In the meeting, Boothe said she had an “epiphany” that it would be best to drop the report entirely. Doing so would “satisfy EPA (and) it would satisfy the concern that the attorney general’s office may have had,” she said.

If DAQ had proceeded with the report, the agency would have had to implement controls for “a range of things,” said DAQ public information officer Tom Mather. “The most overriding would have been the transportation conformity issues to show that NOx emissions from cars aren’t creating a problem,” he said, in addition to “controls on factories to reduce NOx.”

Keith Overcash, director of DAQ, and Holman declined to be interviewed for this article.

Schwartz report

DAQ’s finding that NOx is an insignificant precursor was correct, said Joel Schwartz, an environmental consultant and visiting fellow for the American Enterprise Institute.

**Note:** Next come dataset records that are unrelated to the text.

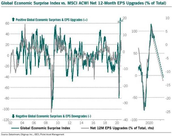 In die gleiche Richtung deutet der sogenannte „Global Economic Surpise Index“, der steigende respektive fallende wirtschaftliche Überraschungen misst (grüner Chart in Grafik unten). Der Höhepunkt der globalen Wirtschaftsdynamik wurde bereits erreicht und für die kommenden 3 bis 6 Monate muss mit negativen wirtschaftlichen Überraschungen gerechnet werden. Da der Global Economic Surpise Index in aller Regel mit den Gewinnerwartungen korreliert ist (grüner Chart in Grafik unten), dürften Herabstufungen bei den Gewinnschätzungen die Folge sein, womit den Märkten eine Enttäuschung droht.
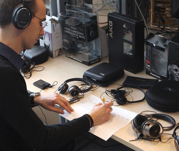 Rien ne remplace l’oreille humaine pour juger la qualité audio. Un jury a évalué la qualité des casques en écoutant des morceaux de musique de tous les genres sur un baladeur numérique. L’efficacité de réduction du bruit a été évaluée avec et sans musique, dans des environnements sonores de bureau, d’avion et de train, des enceintes restituant des enregistrements audio de ces environnements.
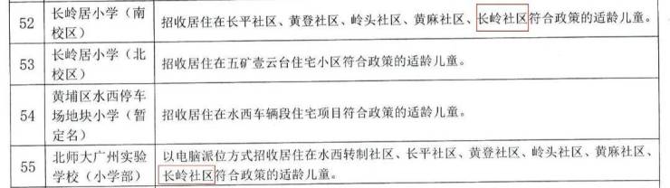 距离最近的俩小学一是长岭居小学(南校区),一是北师大广州实验学校(小学部)——根据《黄埔区2023年义务教育学校招生工作实施细则》,这俩学校均对口长岭社区符合政策的适龄儿童,是以不排除也会纳入招生范围。
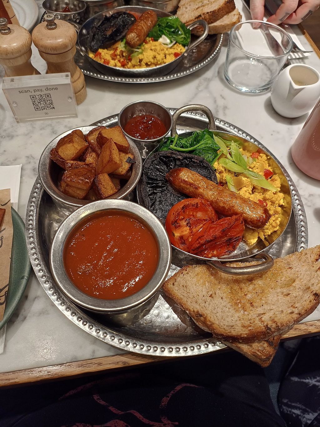 The breakfast was very nice, but I would have liked a warning about how spicy the ketchup and beans were. I love spicy food, but the beans and ketchup were almost too spicy for me. The beans were just described as "maple baked beans", so I'm really not sure why they were so spicy. The ketchup was not mentioned on the menu, but again I'm not sure why it was so spicy. If you struggle with spicy food then I'd advise not getting this breakfast. The rest of the breakfast was lovely though, especially the rashers and the spinach.
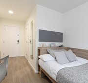 Communal kitchen and living space with up to 7 en-suite rooms per flat Situated on the 6th and 7th floors Room Size: 15m² Small double bed Underbed storage, wardrobe, personal study space with desk and chair
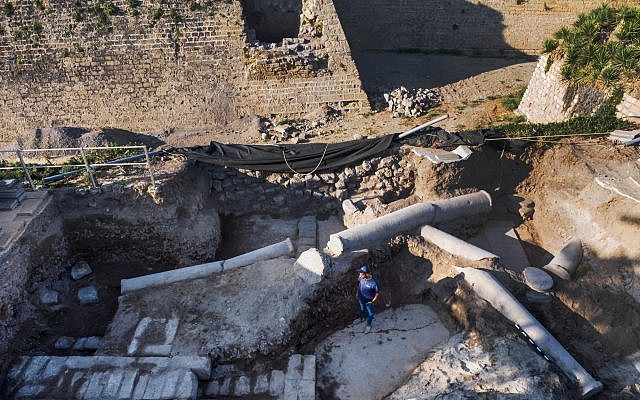 There are three figures depicted on the uncovered section as well as typical multicolored geometric patterns which were formed using mosaic pieces placed densely at about 12,000 stones per square meter. The figures all wear togas and apparently belong to the upper class. The central figure is frontal and the two other figures face him on either side. “Who are they?” That depends on what the building was used for, which is not clear. If the mosaic was part of a mansion, the figures could have been the owners. If this was a public building they might have represented the donors of the mosaic or member s of the city council. Of potentially even more interest is a long inscription in ancient Greek. It was unfortunately damaged by the Byzantine building constructed on top of it but is currently being studied now by epigraphers. Old Caesarea seems to never stop fascinating and thrilling us, time after time revealing slices of history of worldwide significance. This amazing mosaic is indeed a unique find in Israel
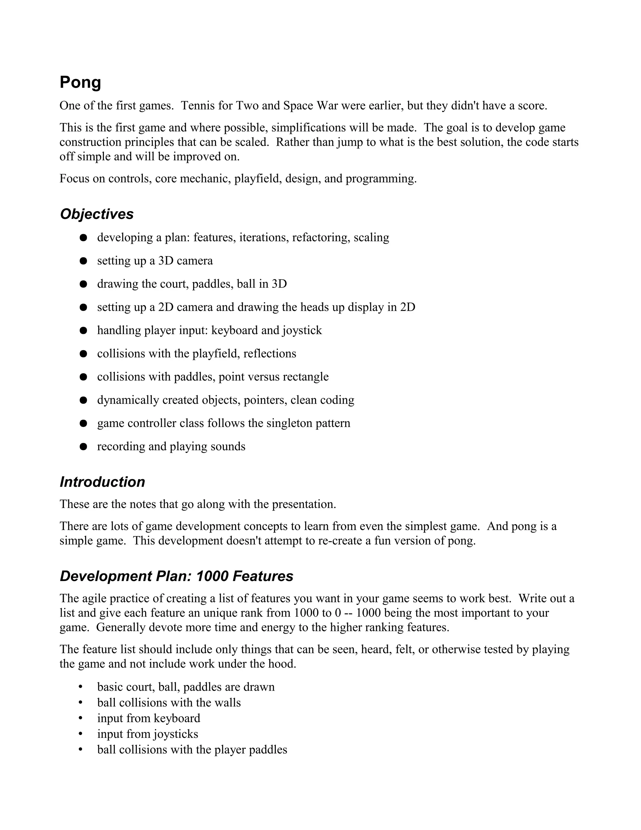 This document provides an overview and development plan for creating a basic Pong game. It discusses focusing on core mechanics like controls, gameplay, and programming. The plan involves iteratively developing features starting with basic elements like drawing the court and balls, then adding player input and ball collisions. It emphasizes taking an iterative approach, with development occurring in small steps that can be completed in a single sitting to allow for consistent progress. The document also provides guidance on object-oriented programming principles, memory management, and structuring the game controller class to manage the game loop and different game states.
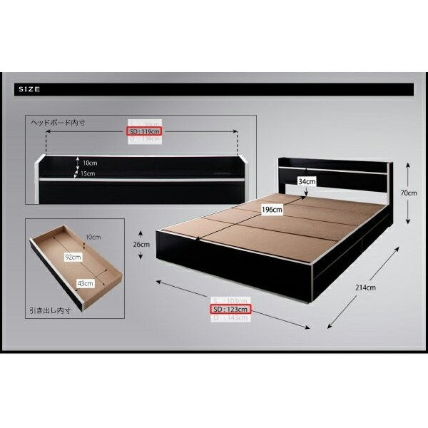 セミダブルベッド 一人暮らし SD フレームのみ チェストベッド ミドル ベッド下収納 引き出し付き 大容量 宮付き ヘッドボード 枕元 棚 ラック 携帯置き ティッシュ置き メガネ置き リモコン 頭上 収納 コンセント ゲーム ケーブル スマホ 充電 電気 ツートンカラー モノトーン デザイナーズ ホテル モダン 高級 メンズ
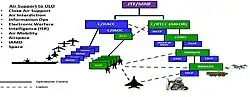 The 1980s witnessed the development of AirLand Battle Doctrine, which relied heavily on US Air Force capabilities to shape the attack of numerous echelons of Soviet Forces in Europe where US Army Artillery could not reach or provide an accurate means of attack. General Wilbur L. Creech, USAF, assisted in the Airland Battle doctrinal development and saw it as a means to prevent the US Air Force from losing tactical mission aircraft to the US Army.[2] The paradigm shift away from the US Air Force from only supporting CAS missions for the Army to meet the operations needs required close coordination between the components at the operational level. A provisional organization called a Battlefield Coordination Element (BCE) was established and in 1984 a Memorandum of Agreement between the two branches of service continued to codify the support requirements needed to unify efforts.[3]
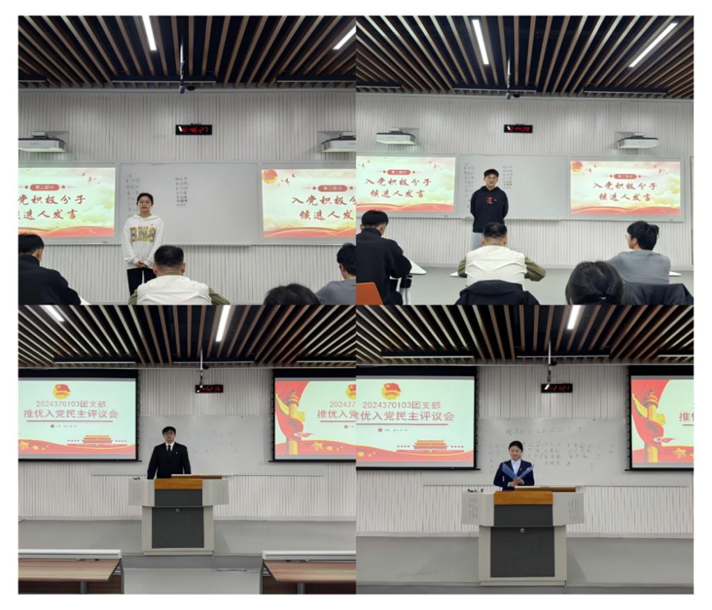 会议在庄严的团歌声中拉开序幕。各团支书向同学们介绍了会议流程及其重要意义,并对各候选人进行了简单介绍。会上,符合推优条件的支部成员依次上台做自我陈述,阐述了对党的认识,表明了自己的入党动机,重点指出了个人在思想政治、学生工作、学习成绩、个人生活、参与校内外各项活动等方面存在的优点与不足。

The attorney general’s conclusion was not.

“NOx does help form PM2.5 by getting turned into ammonium nitrate,” Schwartz said. “However, it’s (a) minor PM2.5 contributor in the eastern half of the U.S.”

A research report written by Schwartz last year disputed Cooper’s argument that emissions reductions from TVA would diminish health risks to residents of western North Carolina. It argued that neither NOx nor sulfur dioxide emissions from TVA’s power plants are harmful, “even at levels 10 times greater than are ever found in the air Americans breathe.”

David N. Bass is an associate editor of Carolina Journal.